De overheid moet serieus investeren in het publiek debat. Het drama van de huidige bestuurscultuur is dat alle energie naar onderling overleg gaat, achter de schermen. De burger wordt pas wat verteld als ‘ze’ er uit zijn. Dat is fnuikend voor de legitimiteit. Een ministerie van Toekomst kan helpen. Dat klinkt frivool, maar zo is het niet bedoeld. Dit extra ministerie zou zich moeten toeleggen op het maken en bespreken van toekomstvisies. Niet meer ‘burgerparticipatie’ achteraf, maar vanaf het begin. Het zou kijken wat anderen elders al doen (zogenaamde horizonscans), en zou samen met universiteiten interdisciplinair doordachte visies moeten voorleggen aan bestuur en burger.

Lees ook: Dit concept landbouwakkoord miste balans

Durf groot te denken

Moeten we hier niet eens groot durven denken? Laat een aantal goede ambtenaren van verschillende betrokken ministeries gedurende een aantal jaren twee dagen in de week bij elkaar komen. Nodig de koplopers uit voor presentaties en deelnames. Laat universiteiten ook een aantal van hun beste, in transities geïnteresseerde wetenschappers afvaardigen. Dan brengen we het veel beleden streven naar meer ‘impact’ van de universiteiten ook direct verder.

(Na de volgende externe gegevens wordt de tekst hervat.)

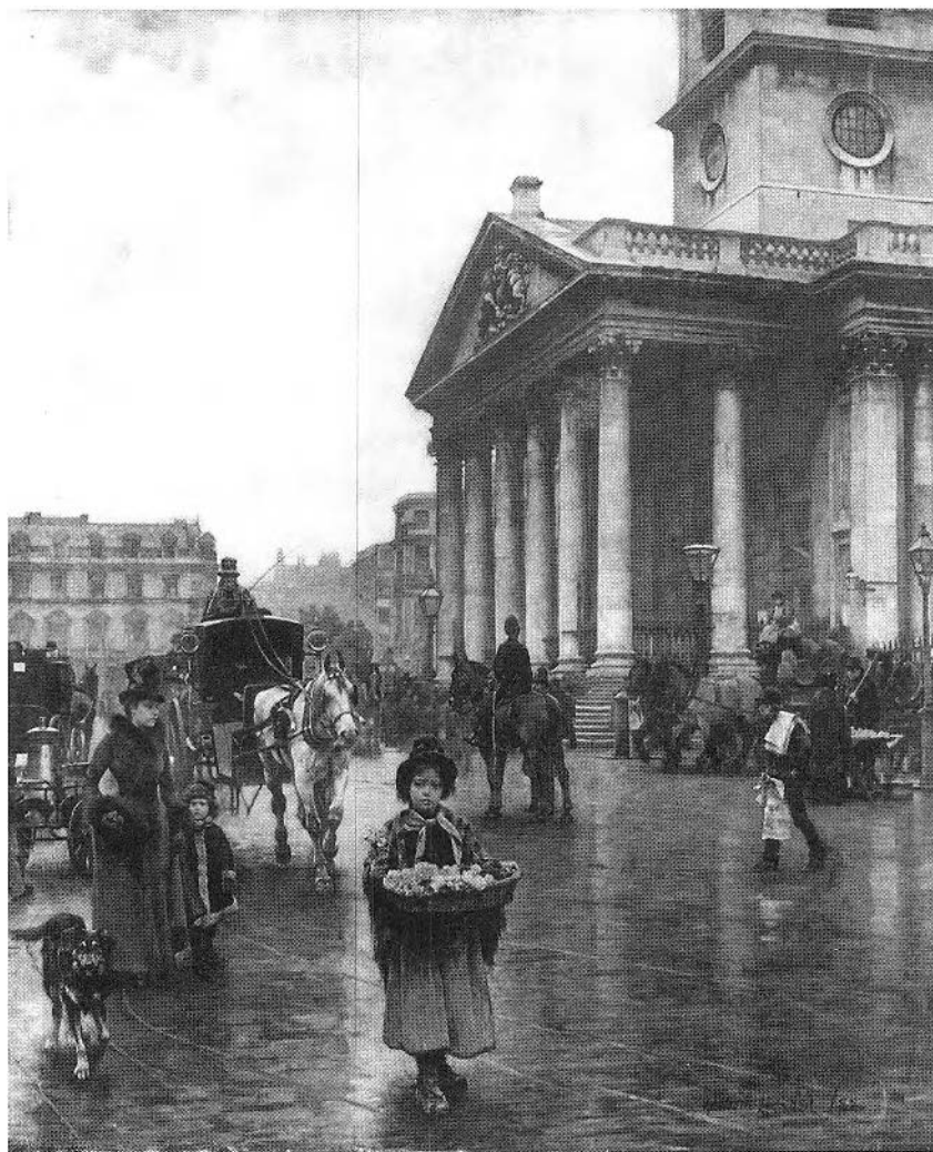
Figure 2. William Logsdail, St Martin's-in-the-Fields , 1888. Oil on canvas, 143.5 x 118.1 cm. London, Tate Gallery.

Seller, Trafalgar Square (1879, fig. 1) and William Logsdail's St Martin's-in-the-Fields (1888, fig. 2). A.E. Mulready, that most prolific painter of flower-girls, dotted his favourite subjects liberally across the urban scene: in opulent shopping districts and busy professional quarters, by brightly illuminated public houses, near residential areas, and especially on London bridges (fig. 3). 11 Affluent residential locales were also adopted by W.P. Frith, in The Flower Girl (1883, private collection), and by George Clausen, in Schoolgirls, Haverstock Hill (1880, fig. 4) and Spring Morning, Haverstock Hill (1881, Bury Art Gallery).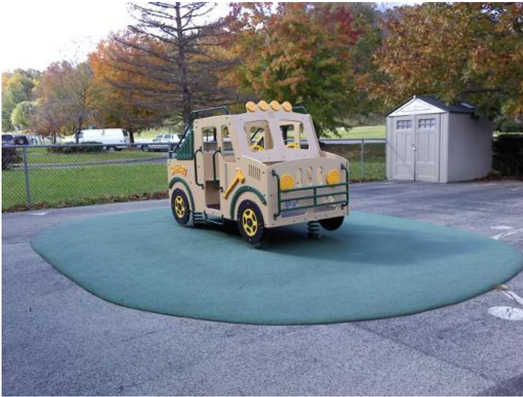
Area E - Preschool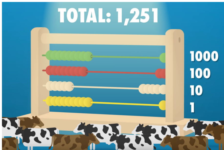
Figure 1: Screenshot_2020-08-09_at_21.34.48.png

Before the invention of actual computers, 'computer' was a job-title denoting people who were employed to conduct complex calculations,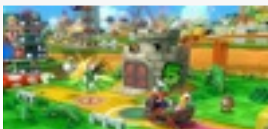
REVIEW: MARIO PARTY 10 »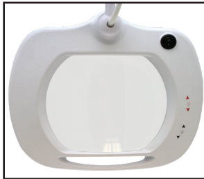
7.5" x 6.2" / 3-Diopter Lens 1.75x Magnification

Covered Spring Balanced Arm No Pinch Hazards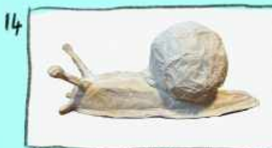
14 Or you can paint it! Start by painting it white - this will help your colours pop! Make sure this dries out before you paint on top!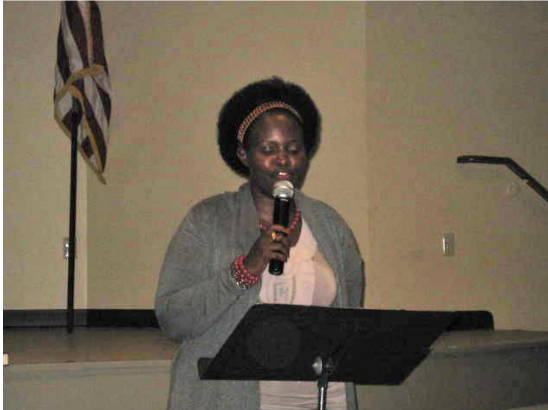
Role of Women in Rwanda Lecture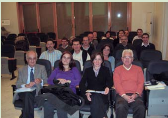
Participants of the EURISCO training-seminar in Madrid.

A EURISCO training-seminar was held on 3-4 November 2008, in Madrid, Spain, organized by INIA-CRF, Spain and the EURISCO Coordinator from Bioversity International. This is the start of a potential series of training-seminars envisioned to be held in other countries.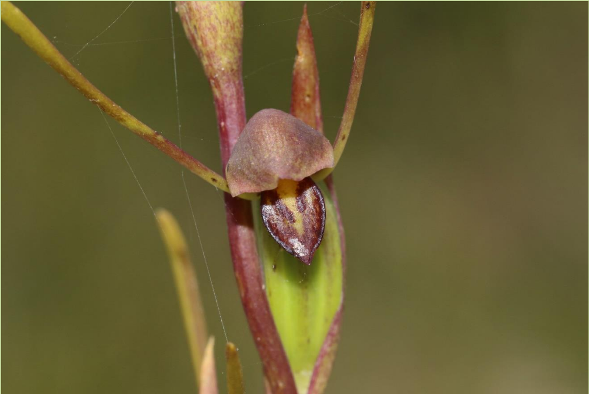
Orthoceras strictum – Horned Orchid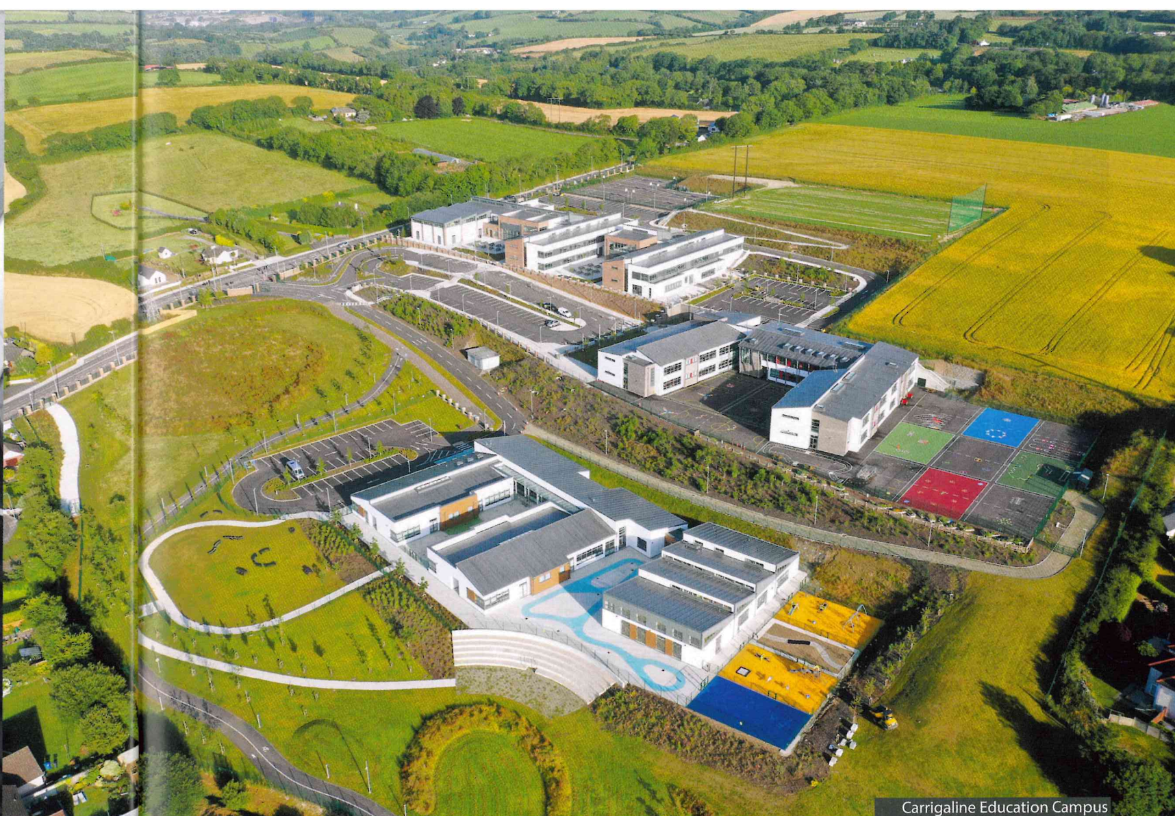
Carrigaline Education Campus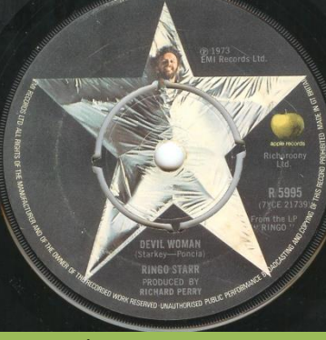
A in apple starts over spacing between i and c in Richoroony, R 5995 starts under i in Richoroony

Het landbouwakkoord is niet van de grond gekomen door intellectuele en bestuurlijke bloedarmoede. We hebben dringend een beeld nodig van de samenleving waar we naar toe bewegen – maar dan wel een waar we direct mee aan de slag kunnen. Laten we een voorbeeld nemen aan het ontstaan van de verzorgingsstaat. Ooit bedacht door economen als Keynes en politici als Lord Beveridge. Wisten zij precies hoe het zou lopen? Nee. Wisten zij of de samenleving het helemaal kon betalen? Nee. Het was vooral een leidend normatief ideaal. In tegenstelling tot toen willen burgers nu zelf meepraten, pakken ze nu zelf kansen. Daar moet bestuurlijk op worden gereageerd. Op basis van alle frustratie met het gebrek aan vooruitgang kunnen we deze slag nu maken.